Ramazânı da bayramı da uğurladık
24/04/2023 Pazartesi Köşe yazarı R.A
“Ramazân” kelimesi “yanmak” demektir.
Çünkü bu
ayda oruç tutan ve tevbe eden Müslümânların günâhları yanar, yok olur. Bundan
dolayı da Müslümânlar bayram yaparlar. Müslümânlar, her
yıl Ramazân ayında günâhları affedildiği için sevinirler.
Dînimize göre, bayram ikidir. Birincisi, Arabî aylardan Şevvâl
ayının birinci günü başlayan “Ramazân Bayramı”;
ikincisi, Zilhicce ayının onuncu günü başlayan “Kurbân Bayramı”dır.
Ramazân bayramı üç gün, Kurbân bayramı ise dört gündür.
Peygamber Efendimiz Medîne-i münevvereye hicret edince,
Medînelilerin Câhiliye âdetlerinden kalma bayramları kutladıklarını gördü ve
onları şöyle îkâz etti: “Allahü teâlâ, size onlardan daha
hayırlı iki bayramı (Ramazân ve Kurbân Bayramlarını) ihsân etti” buyurdu.
Bizler, onbir ayın sultânı olan mübârek Ramazân ayını bir
ganîmet bilip, bu fırsatı, kendimize göre, iyi değerlendirmeye çalıştık.
Müslümânlar
bayram günlerine ayrı bir önem verirler. Zîrâ bu günler, günâhların
affedildiği, birlik ve berâberlik duygularının pekiştirildiği, yoksulların
sevindirildiği günler olmaları bakımından sevinç ve neş’e kaynağıdırlar.
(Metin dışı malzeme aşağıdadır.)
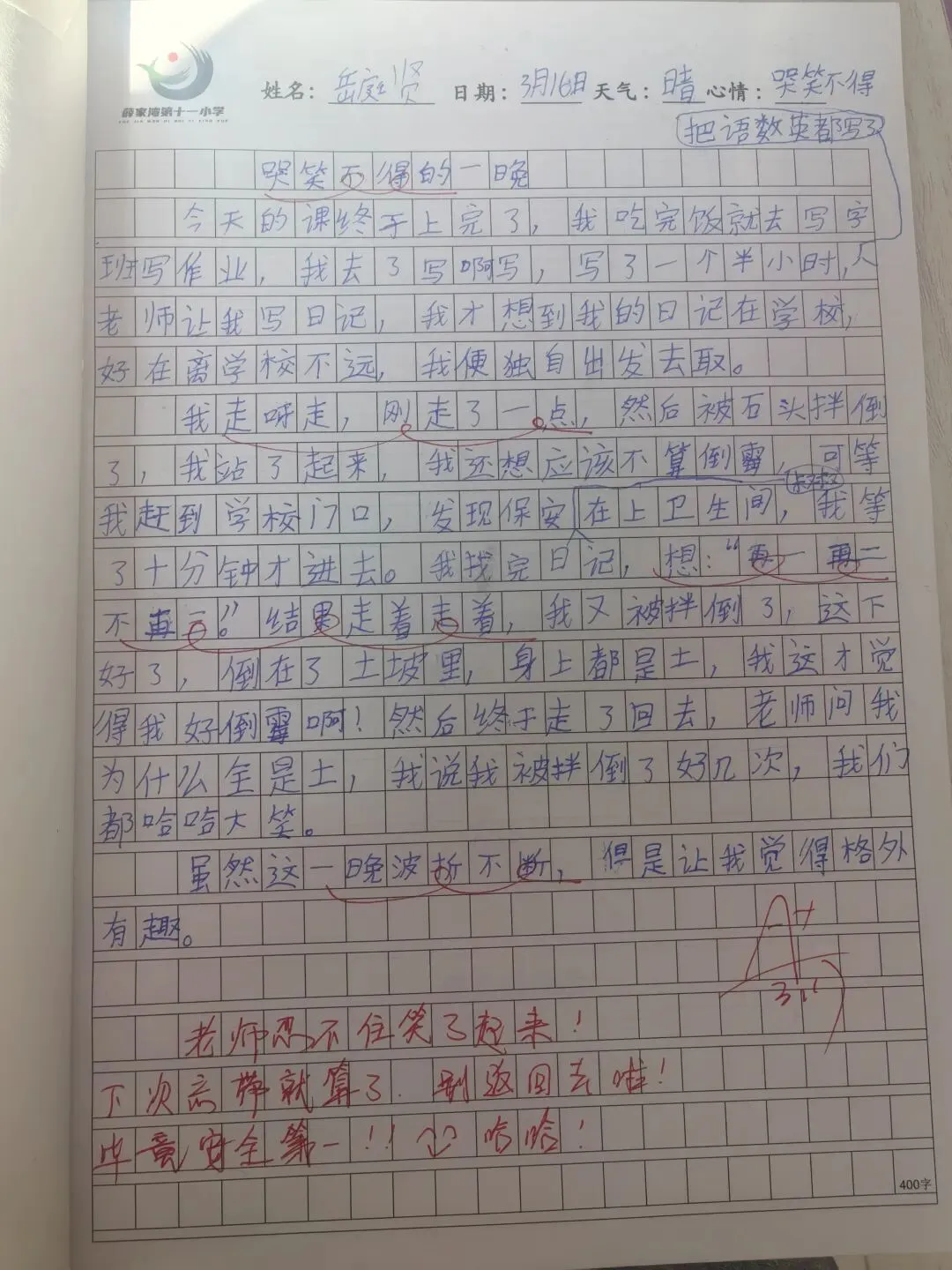 我没有急于求成,更没有用统一的标准苛求他们,而是像农人守护禾苗般,顺着孩子的天性慢慢引导。写作教学上,我从不强求华丽的辞藻,先从一句心里话、一段身边的小事教起。比如那天课后服务,快下课孩子们开始记当天作业,当我说到“今天的免作业卡…”话还没说完,一个孩子突然打个喷嚏,声音超级大,全班都笑了,我顺势说“孩子们,快观察,同学们都是怎么笑的?”孩子们有的说“前仰后倒”,有的说“捂着嘴”,有的说“手舞足蹈”…我接着说“对呀,这就是把如何笑写丰富了”…
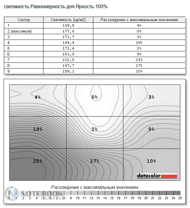 Комплект поставкиНоутбук поставляется с самыми привычными аксессуарами вроде батареи, блока питания с кабелем, набора документов (краткое руководство и инструкция по установке), загрузочного диска. Однако имеется здесь и одно необычное, но приятное дополнение в виде переходника VGA/Acer Converter Port. ![]() ДизайнС первых минут знакомства от данного ноутбука веет строгостью и солидностью. Крышка ноутбука выполнена из пластика, который, за счет продольной шлифовки, весьма умело маскируется под тонированный алюминий. На черной крышке одиноко смотрится серебристый логотип Acer. Это, в общем-то, и все – цельно, лаконично и минималистично. Сразу отметим, что на такой поверхности отпечатки пальцев видны довольно сильно, но убираются они легко. В то же время сама крышка прогибается совсем чуть-чуть и то лишь при существенном нажатии. ![]() Днище Acer Aspire V5-552G заметно отличается. Здесь уже использован совсем иной пластик, достаточно шероховатый, но от этого не менее приятный на ощупь. Ни единого отсека с обратной стороны нет, видны вентиляционные отверстия, решетки, под которыми спрятаны динамики, а также пять небольших резиновых ножек. По периметру и в середине нижней панели располагается не менее дюжины винтиков, в общем, сразу к внутренним компонентам не подберешься. ![]() Что касается рабочей поверхности, то здесь все выполнено в том же дизайне, что и крышка, с одним отличием, здесь использован алюминий. На темном фоне особо выделяются шершавые и на пару тонов светлее клавиши, а также хромированная окантовка тачпада. Интересно, что вся рабочая зона монолитная, а переход между подладонной поверхностью и клавиатурным блоком едва заметен. Здесь все достаточно прочное, но при нажатии на рабочую площадку немного продавливается тачпад. Если посмотреть на рамку дисплея, то она полностью вписывается в задумку дизайнеров: отсутствие глянца, аналогичный выбор цвета. В ее верхней части можно увидеть четыре небольших резиновых ножки, что позволит избежать ненужных касаний дисплея с клавишами, когда ноутбук будет закрыт. ![]() На качество сборки Acer Aspire V5 жаловаться не стоит: отсутствует люфт, зазоры, скрипы во время работы, все скомпоновано отлично. Петли, удерживающие дисплей, сравнительно тугие, но он все равно немного раскачивается. ![]() Кстати, ноутбук можно раскрыть до 145 градусов, что удобно для выполнения любой работы. ![]() Габариты устройства составляют 382х255х21 мм, что не выходит за рамки большинства 15.6-дюймовых устройств. Приятно порадовал вес ноутбука, не превышающий 2.1 кг, что позволит чаще его носить с собой. Дисплей, звук, веб-камераВ ноутбуке установлен дисплей AU Optronics B156XTN03.5, который выполнен по технологии Acer CineCrystal, добавляющей картинке большей глубины и детализации. Он имеет стандартный размер по диагонали 15.6 дюйма и разрешение 1366х768 пикселей, что типично для бюджетных устройств. ![]() Углы обзора экрана недостаточно широкие, поэтому при отклонении вам придется наблюдать небольшое снижение уровня яркости и ухудшение цветопередачи. Зато вы сможете оценить по достоинству матовую поверхность дисплея, которая обеспечит комфортную работу, просмотр видео или игр, ведь отражений на таком экране практически не будет. ![]() С помощью калибратора Datacolor Spyder4Elite мы смогли узнать уровень яркости и контрастности данного дисплея. Увы, эти показатели даже на максимуме

Bayram günleri, günâhların affedildiği ve rahmet kapılarının
açıldığı günlerdir. Bir hadîs-i şerîfte buyuruldu ki: “Rahmet
kapıları dört gece açılır. O gecelerde yapılan duâ, tevbe reddolmaz. Fıtr (yanî
Ramazân) ve Kurbân Bayramlarının birinci geceleri, Şâban ayının on beşinci
(Berât) gecesi ve Arefe gecesi.” [Kadir gecesi, birçok
hadîs-i şerîfte bildirildiği için, burada da bildirilmeğe lüzûm görülmemiştir.]
Bayramların
cemiyet hayâtımızda çok özel yerleri vardır. Şöyle ki:
Çocuklar, gençler, olgunlar ve yaşlılar, bayram namazı için grup
grup câmilere doluşurlar, büyük bir huşû içerisinde namazlarını edâ ederler.
Bayram namazından sonra bütün Müslümanlar birbirlerinin
bayramlarını tebrik ederler, daha sonra âile büyükleri, eş-dost, akrabâ ve
komşuları ziyâret ederek, büyüklerin ellerini öpüp duâlarını alırlar. Böylece
bayramlar sevgi ve saygının artmasına vesîle olur.
Bayramlarımızdaki güzel âdetlerimizden biri de, yetîmler,
fakîrler, garîpler ve çocukların sevindirilmesi, yardıma muhtâç kimselere
yardım ellerinin uzatılması, ictimâî yardımlaşma ve dayanışmanın tezâhür
etmesidir.
Dînî bayramlar, milletimizin birlik-berâberliğine ve
dargınların-küskünlerin barışmalarına vesîle olduğu gibi, ölülerimizin bile
sevinmelerine sebep olmaktadır. Çünkü kabirler ziyâret edilmekte, rûhlarına
Fâtiha, İhlâs, diğer sûre ve duâlar gönderilmektedir.
Bütün dünyâda dîn ve diyânetlerini, ırz ve nâmûslarını, vatan ve memleketlerini, cân ve mâllarını müdâfaa ederken şehîd düşen, bayrama yetişemeyen Müslümânlar da unutulmamakta, onlar için de Kur’ân-ı kerîm okunup rûhlarına gönderilmektedir.